BEGIN
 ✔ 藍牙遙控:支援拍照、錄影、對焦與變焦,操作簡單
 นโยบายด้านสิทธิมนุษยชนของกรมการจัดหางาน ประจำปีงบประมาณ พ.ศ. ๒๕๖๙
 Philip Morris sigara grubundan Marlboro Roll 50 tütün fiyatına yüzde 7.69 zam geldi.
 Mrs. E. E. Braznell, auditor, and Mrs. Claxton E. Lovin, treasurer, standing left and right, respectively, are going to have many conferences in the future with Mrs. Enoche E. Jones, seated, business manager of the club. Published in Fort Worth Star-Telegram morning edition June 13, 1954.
END
BEGIN
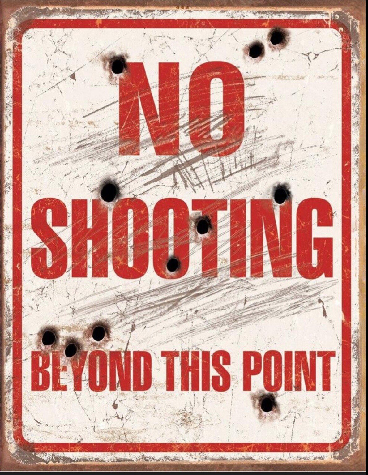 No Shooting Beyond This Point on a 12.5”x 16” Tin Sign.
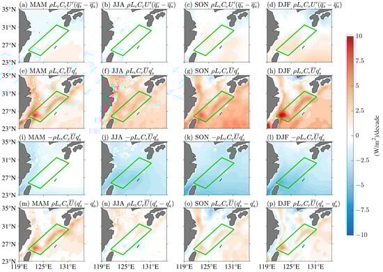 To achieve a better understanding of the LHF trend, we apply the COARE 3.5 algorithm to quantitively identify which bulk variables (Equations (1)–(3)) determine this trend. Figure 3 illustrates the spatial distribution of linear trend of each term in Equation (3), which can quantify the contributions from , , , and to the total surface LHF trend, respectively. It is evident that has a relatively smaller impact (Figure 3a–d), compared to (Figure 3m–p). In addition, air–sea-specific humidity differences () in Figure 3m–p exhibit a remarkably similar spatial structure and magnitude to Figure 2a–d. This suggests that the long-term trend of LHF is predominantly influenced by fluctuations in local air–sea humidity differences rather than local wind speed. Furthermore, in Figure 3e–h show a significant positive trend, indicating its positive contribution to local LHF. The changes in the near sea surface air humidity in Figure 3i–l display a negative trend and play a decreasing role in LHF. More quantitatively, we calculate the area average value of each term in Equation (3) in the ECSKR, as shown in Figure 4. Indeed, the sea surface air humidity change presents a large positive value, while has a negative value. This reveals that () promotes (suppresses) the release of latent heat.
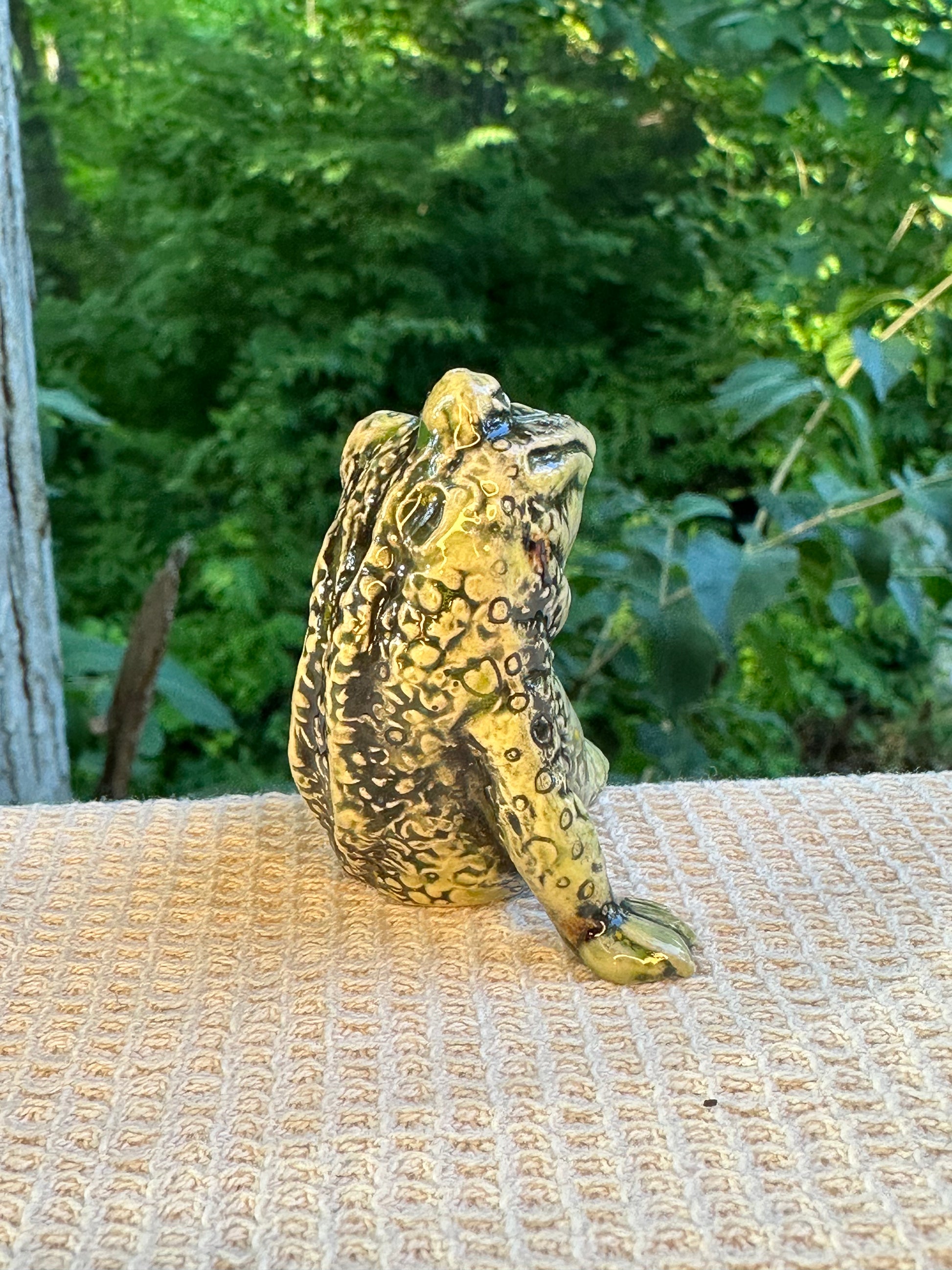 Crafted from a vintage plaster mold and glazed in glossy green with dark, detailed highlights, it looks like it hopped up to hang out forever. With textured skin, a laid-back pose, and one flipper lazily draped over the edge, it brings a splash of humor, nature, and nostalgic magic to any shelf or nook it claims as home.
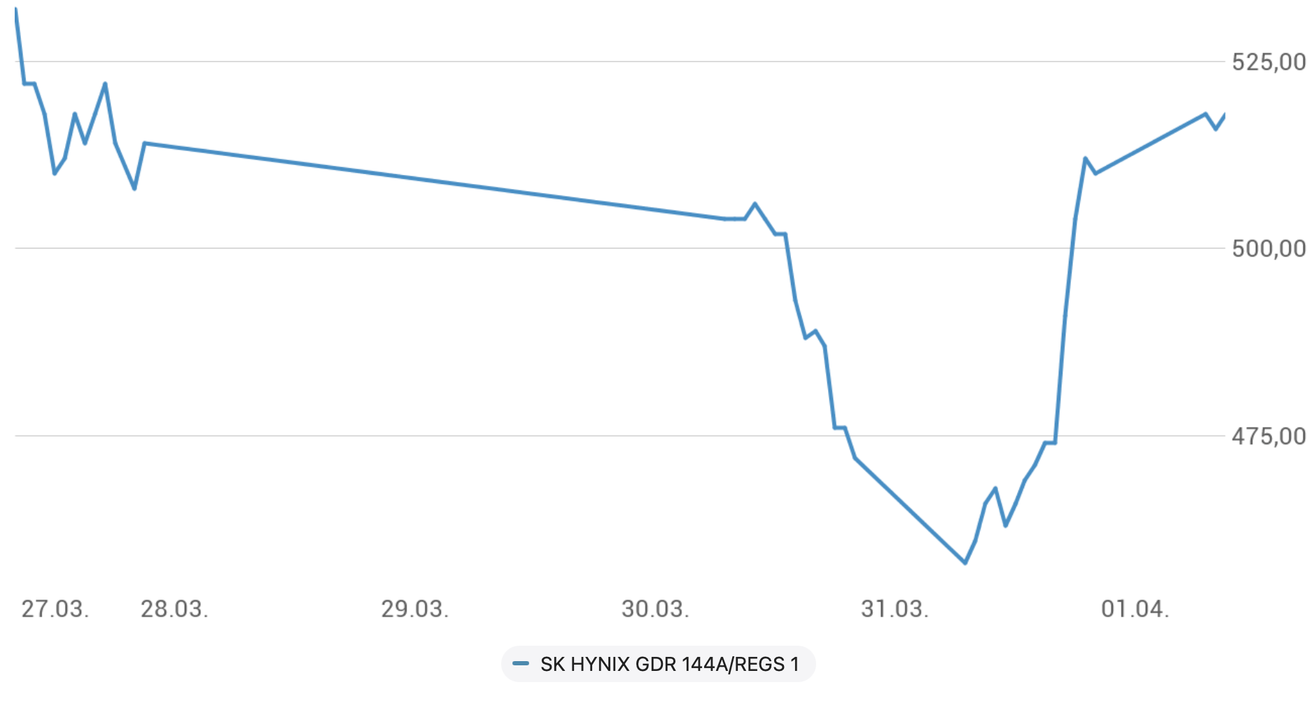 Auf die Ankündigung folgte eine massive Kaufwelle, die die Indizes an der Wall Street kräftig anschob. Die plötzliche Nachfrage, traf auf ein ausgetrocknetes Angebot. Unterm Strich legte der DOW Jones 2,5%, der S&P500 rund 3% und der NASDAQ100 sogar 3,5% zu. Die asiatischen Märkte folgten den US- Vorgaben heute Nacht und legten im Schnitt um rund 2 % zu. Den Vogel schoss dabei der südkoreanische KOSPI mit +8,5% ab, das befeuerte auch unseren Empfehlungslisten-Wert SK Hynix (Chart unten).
END
BEGIN
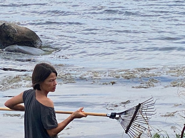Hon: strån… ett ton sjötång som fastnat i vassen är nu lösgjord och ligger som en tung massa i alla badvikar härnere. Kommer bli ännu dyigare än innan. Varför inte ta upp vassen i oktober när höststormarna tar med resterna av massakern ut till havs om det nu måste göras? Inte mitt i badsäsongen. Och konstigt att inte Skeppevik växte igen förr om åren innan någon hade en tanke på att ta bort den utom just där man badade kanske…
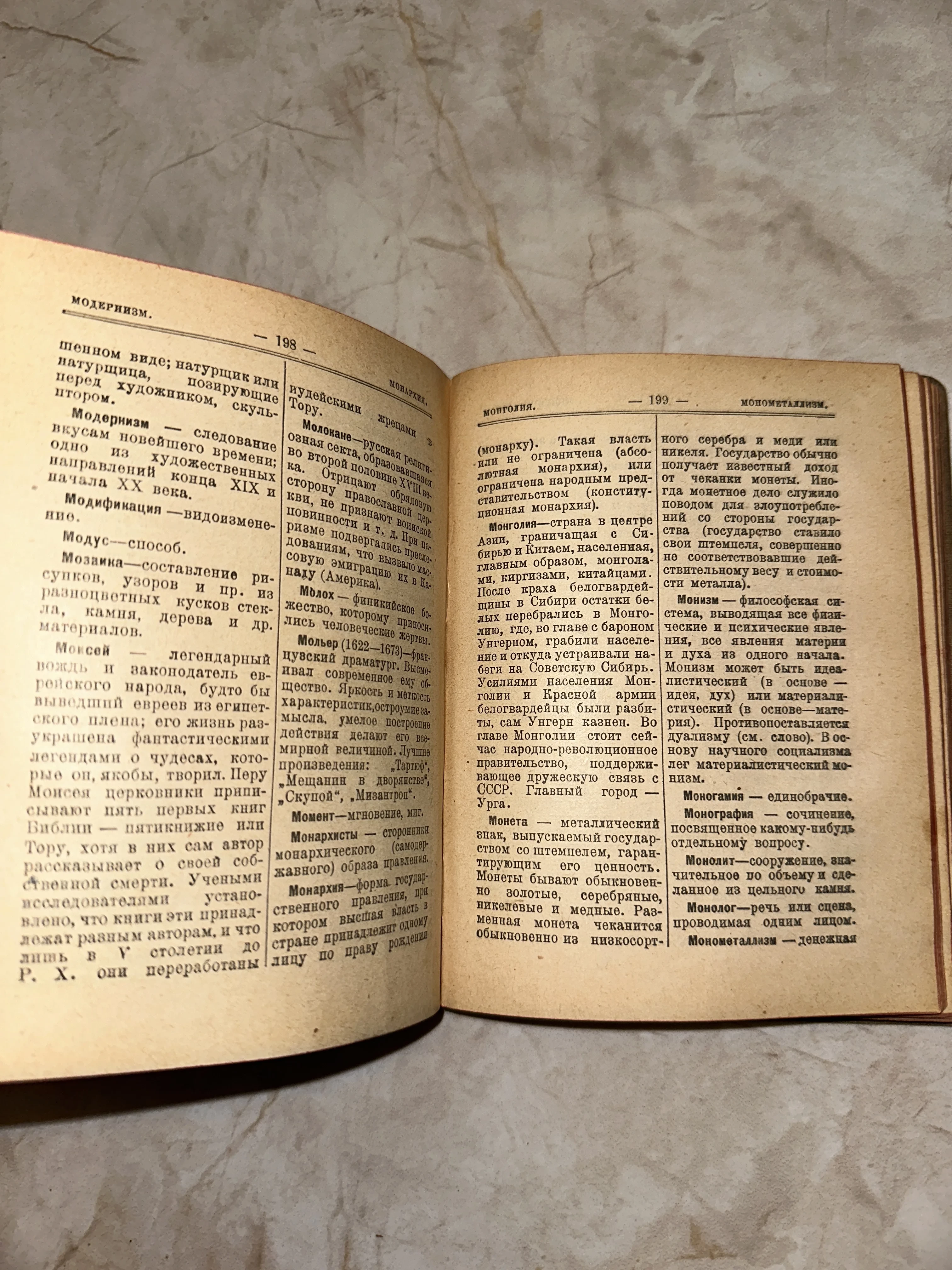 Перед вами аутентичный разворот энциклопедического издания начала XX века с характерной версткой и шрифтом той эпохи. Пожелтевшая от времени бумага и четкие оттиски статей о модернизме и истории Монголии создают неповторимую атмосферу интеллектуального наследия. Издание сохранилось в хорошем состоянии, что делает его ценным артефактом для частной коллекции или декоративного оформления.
END
# REQUIRED WORK
Take the listing above and repeat exactly the lines from the one containing "นโยบายด้านสิทธิมนุษยชนของกรมการจัดหางาน ประจำปีงบประมาณ พ.ศ." through the one containing "Mrs. E. E. Braznell, auditor, and", both included.

# SOLUTION TO THIS TASK
 นโยบายด้านสิทธิมนุษยชนของกรมการจัดหางาน ประจำปีงบประมาณ พ.ศ. ๒๕๖๙
 Philip Morris sigara grubundan Marlboro Roll 50 tütün fiyatına yüzde 7.69 zam geldi.
 Mrs. E. E. Braznell, auditor, and Mrs. Claxton E. Lovin, treasurer, standing left and right, respectively, are going to have many conferences in the future with Mrs. Enoche E. Jones, seated, business manager of the club. Published in Fort Worth Star-Telegram morning edition June 13, 1954.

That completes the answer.